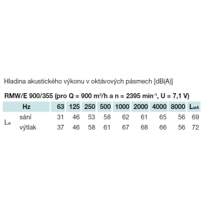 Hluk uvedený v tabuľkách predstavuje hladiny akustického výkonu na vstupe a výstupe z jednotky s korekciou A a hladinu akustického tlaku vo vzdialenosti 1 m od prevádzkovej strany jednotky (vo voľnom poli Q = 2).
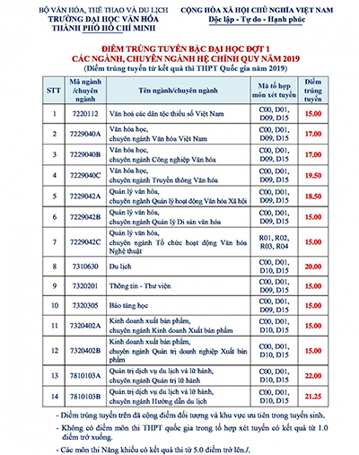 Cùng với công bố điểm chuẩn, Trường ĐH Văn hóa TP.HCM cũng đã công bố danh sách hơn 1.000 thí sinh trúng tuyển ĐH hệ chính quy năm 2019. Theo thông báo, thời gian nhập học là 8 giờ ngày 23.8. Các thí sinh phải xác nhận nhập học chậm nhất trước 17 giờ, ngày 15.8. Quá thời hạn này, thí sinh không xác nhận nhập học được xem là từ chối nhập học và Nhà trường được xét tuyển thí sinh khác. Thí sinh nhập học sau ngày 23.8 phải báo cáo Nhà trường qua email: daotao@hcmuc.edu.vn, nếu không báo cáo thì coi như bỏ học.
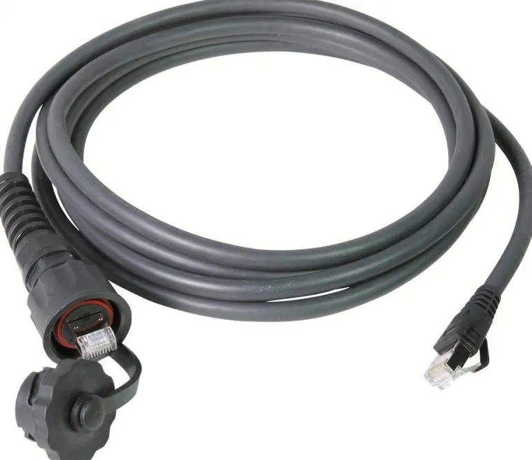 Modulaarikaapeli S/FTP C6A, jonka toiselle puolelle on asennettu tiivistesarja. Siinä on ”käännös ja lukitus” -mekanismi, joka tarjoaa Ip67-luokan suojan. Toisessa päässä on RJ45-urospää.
==
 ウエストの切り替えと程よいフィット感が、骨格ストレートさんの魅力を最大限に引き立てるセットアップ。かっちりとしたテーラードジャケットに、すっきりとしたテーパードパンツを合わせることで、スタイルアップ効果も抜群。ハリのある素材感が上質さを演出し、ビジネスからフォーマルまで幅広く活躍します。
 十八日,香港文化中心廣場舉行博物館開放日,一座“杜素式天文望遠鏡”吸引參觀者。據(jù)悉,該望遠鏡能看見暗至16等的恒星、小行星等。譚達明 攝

**Task description**
Nothing but the lines above from the line with "Hluk uvedený v" up to and including the line with "Modulaarikaapeli S/FTP C6A, jonka" should be returned, exactly as written and without pictures.

**Task answer**
 Hluk uvedený v tabuľkách predstavuje hladiny akustického výkonu na vstupe a výstupe z jednotky s korekciou A a hladinu akustického tlaku vo vzdialenosti 1 m od prevádzkovej strany jednotky (vo voľnom poli Q = 2).
 Cùng với công bố điểm chuẩn, Trường ĐH Văn hóa TP.HCM cũng đã công bố danh sách hơn 1.000 thí sinh trúng tuyển ĐH hệ chính quy năm 2019. Theo thông báo, thời gian nhập học là 8 giờ ngày 23.8. Các thí sinh phải xác nhận nhập học chậm nhất trước 17 giờ, ngày 15.8. Quá thời hạn này, thí sinh không xác nhận nhập học được xem là từ chối nhập học và Nhà trường được xét tuyển thí sinh khác. Thí sinh nhập học sau ngày 23.8 phải báo cáo Nhà trường qua email: daotao@hcmuc.edu.vn, nếu không báo cáo thì coi như bỏ học.
 Modulaarikaapeli S/FTP C6A, jonka toiselle puolelle on asennettu tiivistesarja. Siinä on ”käännös ja lukitus” -mekanismi, joka tarjoaa Ip67-luokan suojan. Toisessa päässä on RJ45-urospää.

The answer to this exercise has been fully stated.